= WORK ITEM =
Set down the full listing below word for word; pictures stay out of the copy.

= PROVIDED MATERIAL =
↓↓↓

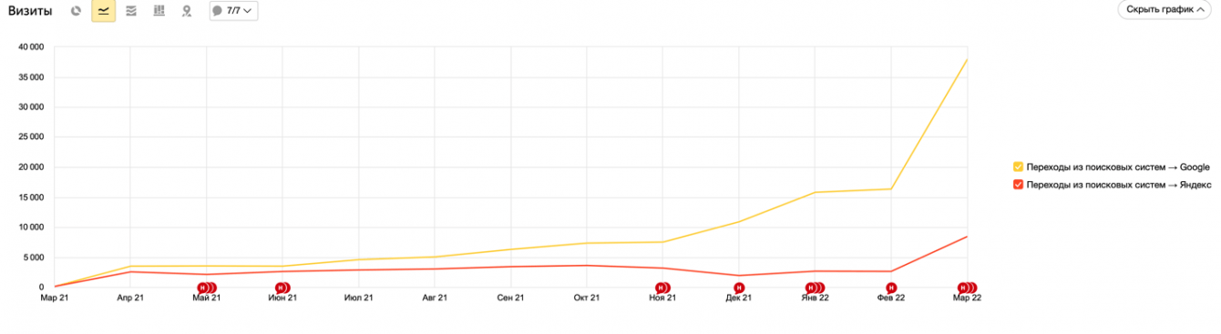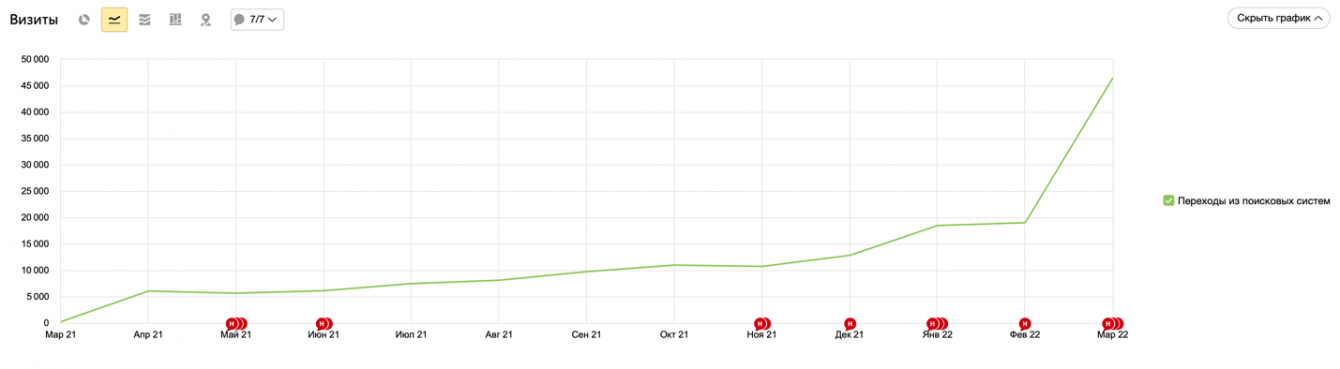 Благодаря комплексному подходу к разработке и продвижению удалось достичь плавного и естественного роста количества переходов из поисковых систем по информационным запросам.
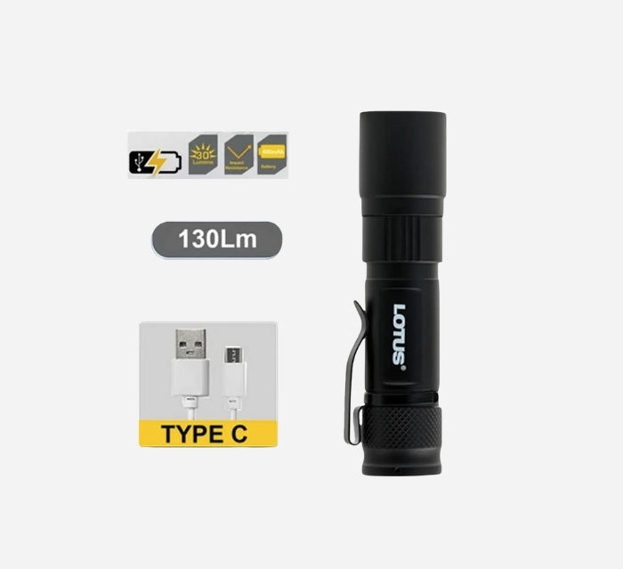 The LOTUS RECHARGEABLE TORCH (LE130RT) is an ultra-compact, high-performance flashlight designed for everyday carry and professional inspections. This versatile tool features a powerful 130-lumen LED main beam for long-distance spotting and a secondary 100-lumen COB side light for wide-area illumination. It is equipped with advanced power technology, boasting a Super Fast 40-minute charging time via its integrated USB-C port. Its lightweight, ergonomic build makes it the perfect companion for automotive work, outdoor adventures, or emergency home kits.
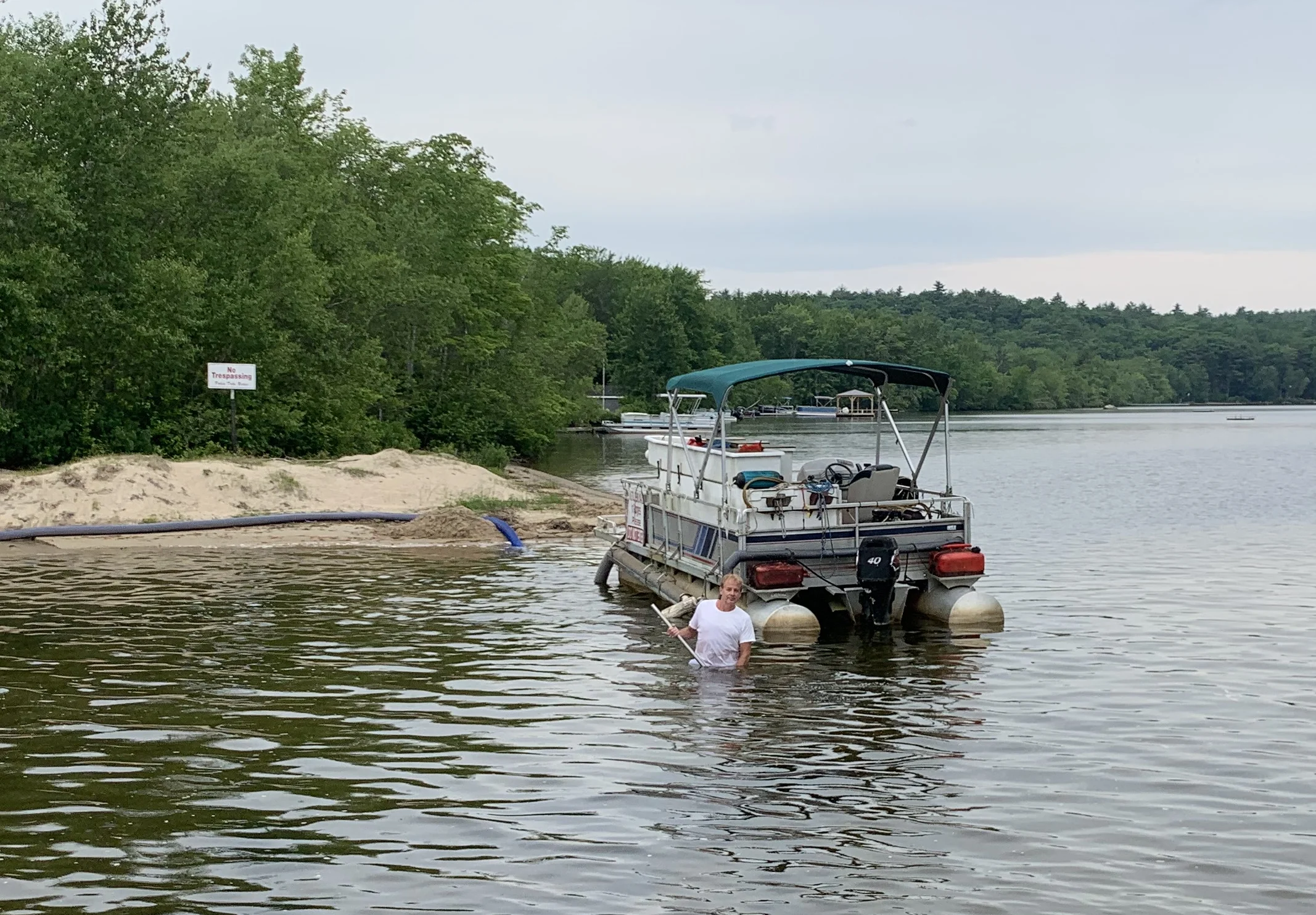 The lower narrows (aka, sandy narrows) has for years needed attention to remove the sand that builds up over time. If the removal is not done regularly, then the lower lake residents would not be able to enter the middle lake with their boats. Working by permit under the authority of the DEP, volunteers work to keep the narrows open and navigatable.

↑↑↑

= SOLUTION FOR THIS TASK =
 Благодаря комплексному подходу к разработке и продвижению удалось достичь плавного и естественного роста количества переходов из поисковых систем по информационным запросам.
 The LOTUS RECHARGEABLE TORCH (LE130RT) is an ultra-compact, high-performance flashlight designed for everyday carry and professional inspections. This versatile tool features a powerful 130-lumen LED main beam for long-distance spotting and a secondary 100-lumen COB side light for wide-area illumination. It is equipped with advanced power technology, boasting a Super Fast 40-minute charging time via its integrated USB-C port. Its lightweight, ergonomic build makes it the perfect companion for automotive work, outdoor adventures, or emergency home kits.
 The lower narrows (aka, sandy narrows) has for years needed attention to remove the sand that builds up over time. If the removal is not done regularly, then the lower lake residents would not be able to enter the middle lake with their boats. Working by permit under the authority of the DEP, volunteers work to keep the narrows open and navigatable.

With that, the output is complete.